Очнулась от толчков в животе. Малыш напоминал о своем существовании и требовал, чтобы я взяла себя в руки. Моя жизнь принадлежит теперь не только мне, надо подумать и о нем. Он, мой будущий сыночек, ни в чем не виновен и одним своим существованием заслужил право быть счастливым. А раз так, то мне плевать на любые грязные обвинения Антона. У меня есть сын, а это значит, что есть смысл жить и надеяться. Предупреждаю всех, а в первую очередь всяких там Антонов, Олегов и даже любимого папочку! Не дождетесь! Я буду счастлива, потому что я так хочу! И вы, естественно, поможете мне в этом. Так-то!
ОЛЕГ. Китайский божок
В телефоне звучал сердитый, разгневанный голос дяди Жени. Впервые видел, точнее говоря, слышал его в таком состоянии.

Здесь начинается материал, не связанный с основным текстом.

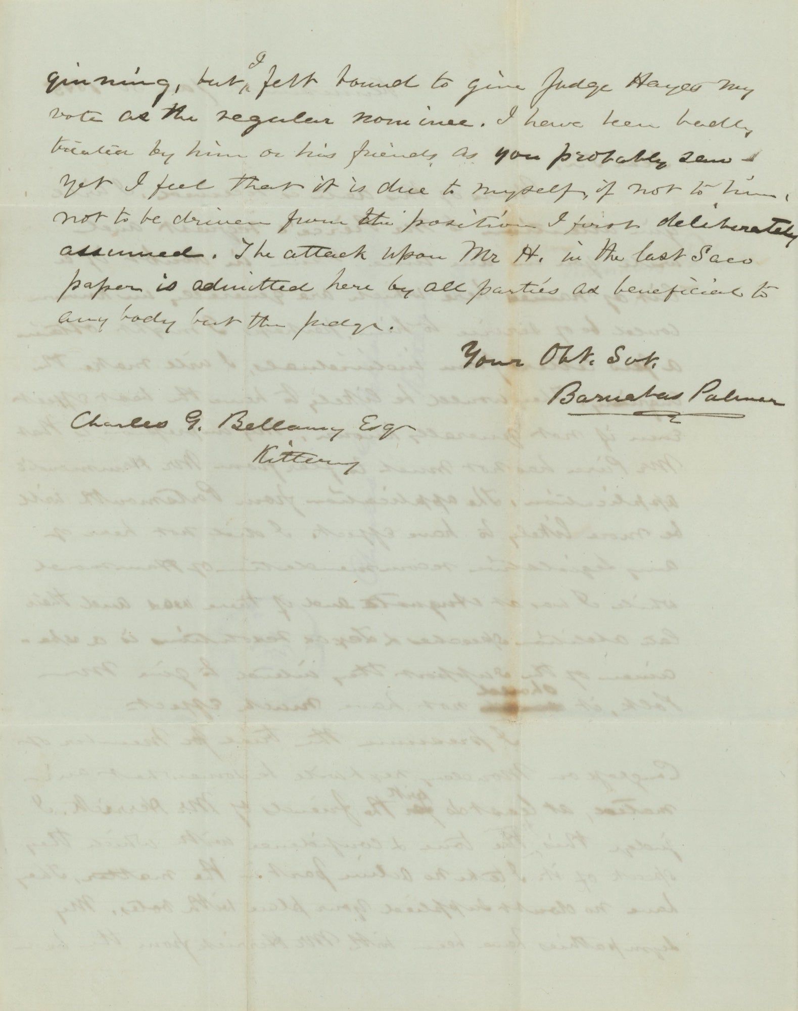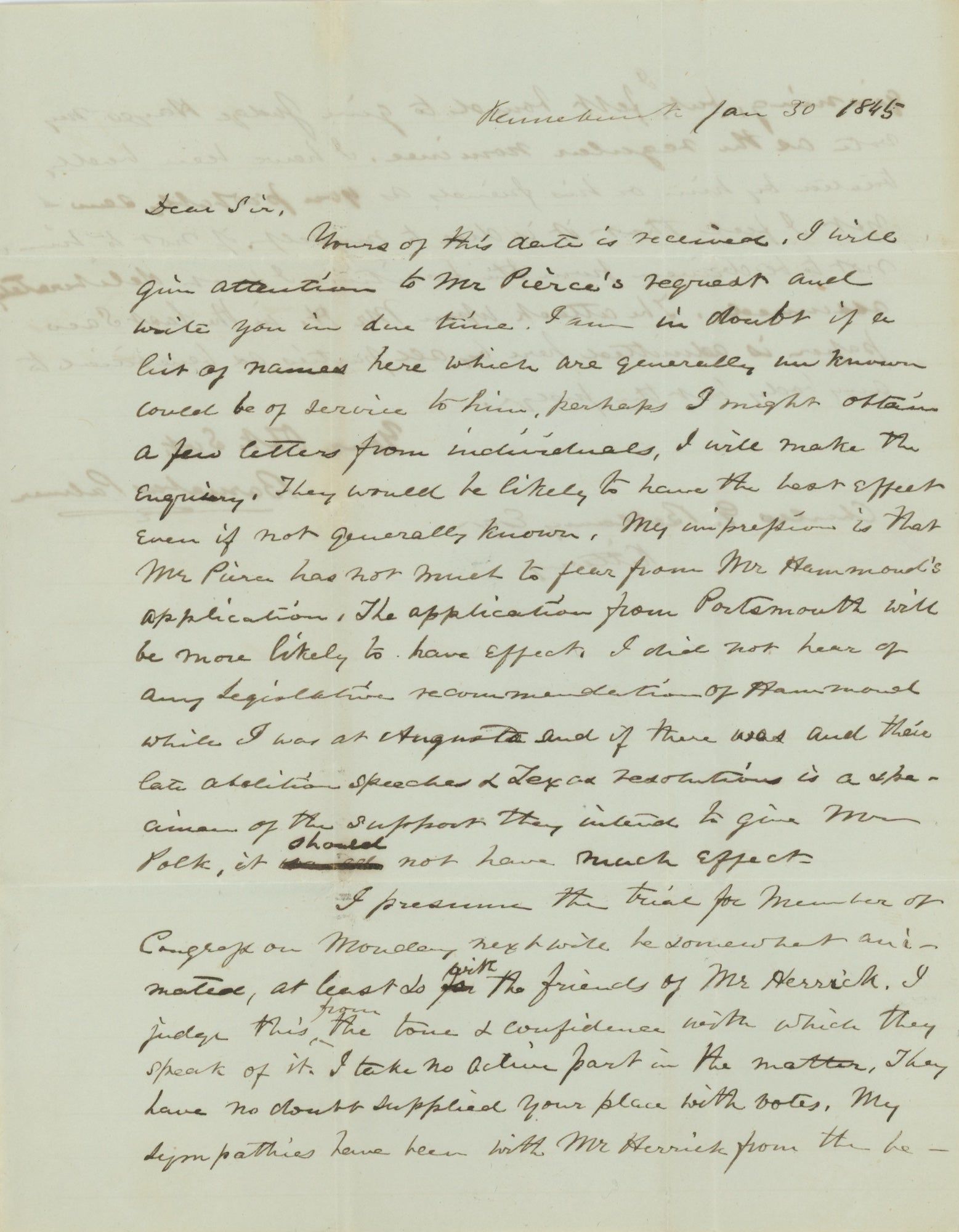 The US under President Polk had not yet annexed Texas, and Palmer is apparently underwhelmed by Maine’s support for the cause. He also remarks on Joshua Herrick’s (1793–1874) bid for re-nomination to Congress; though he feels that he had “been badly treated” by Herrick’s competition, “Judge Hayes”, Palmer nonetheless feels compelled to vote for Hayes over Herrick. Of interests to historians of Maine state politics.
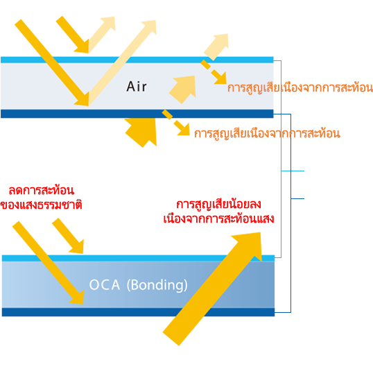 กาวใสออปติคอล (OCA) ถูกเพิ่มเข้าไประหว่างหน้าจอสัมผัสและ LCD เพื่อกำจัดชั้นอากาศและลดการสะท้อนแสงและแสงจ้า คุณสมบัตินี้ช่วยเพิ่มความคมชัดและความสว่างและรักษาระดับการมองเห็นของจอแสดงผลในสภาพแวดล้อมต่างๆ
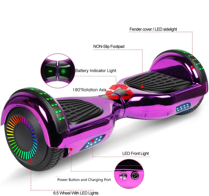 GlareWheel Chrome Purple Hoverboard With Built-In Bluetooth Speaker- UL2272 Certified
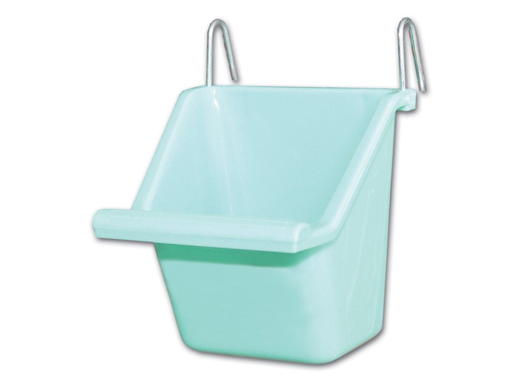 Plastové krmítko pro exoty na zrní, ovoce a další. K zavěšení do klece pomocí dvou kovových háčků.
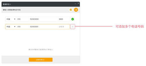 会中想要临时邀请用户入会?主持人可点击「邀请」按钮,输入电话号码点击「立即外呼」,参会人接听电话就可以入会了。支持同时输入多个电话号码,一键外呼入会。
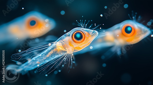 Tiny transparent fish swim gracefully in an underwater habitat filled with bubbles and swirling currents near a coral reef
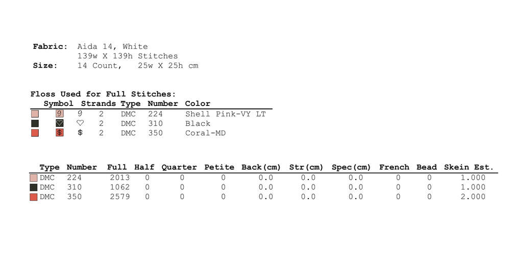 - and 4 pages with zoomed views of both the color and b&w patterns for simpler stitching.
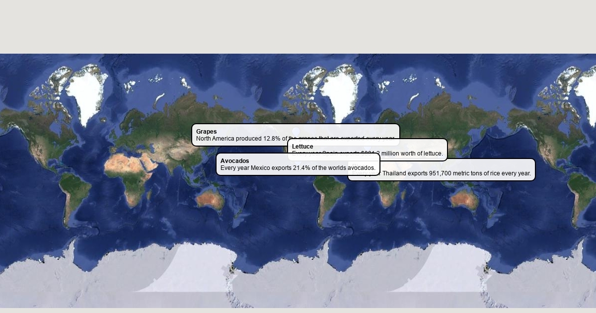 Map with places that export food, clothing etc

– Антон или сошел с ума, или окончательно зазнался. Приезжай, надо срочно поговорить.
Меньше всего люблю влезать в чужие семейные проблемы. Но ничего не поделаешь, надо ехать.
По дороге спросил у своего водителя:
– Скажи, Саша, почему люди разводятся? Ты же был когда-то женат.
– Обычная история, – охотно заговорил водитель. – У меня был бизнес, держал два контейнера на авторынке, торговал запчастями. В общем, был при бабках. Но потом взял кредит в банке, хотел развернуться, но прогорел. Долги оказались неподъемными. Пришлось квартиру продавать. Вот тогда она от меня и ушла. Они не нас любят, а наши деньги.
– А куда ушла-то? – спросил я.
– Она красавица у меня была, вышла замуж за богатого еврея, переехала с мужем в Америку, живет припеваючи. Видел ее недавно, в гости приезжала к родителям. Расфуфыренная!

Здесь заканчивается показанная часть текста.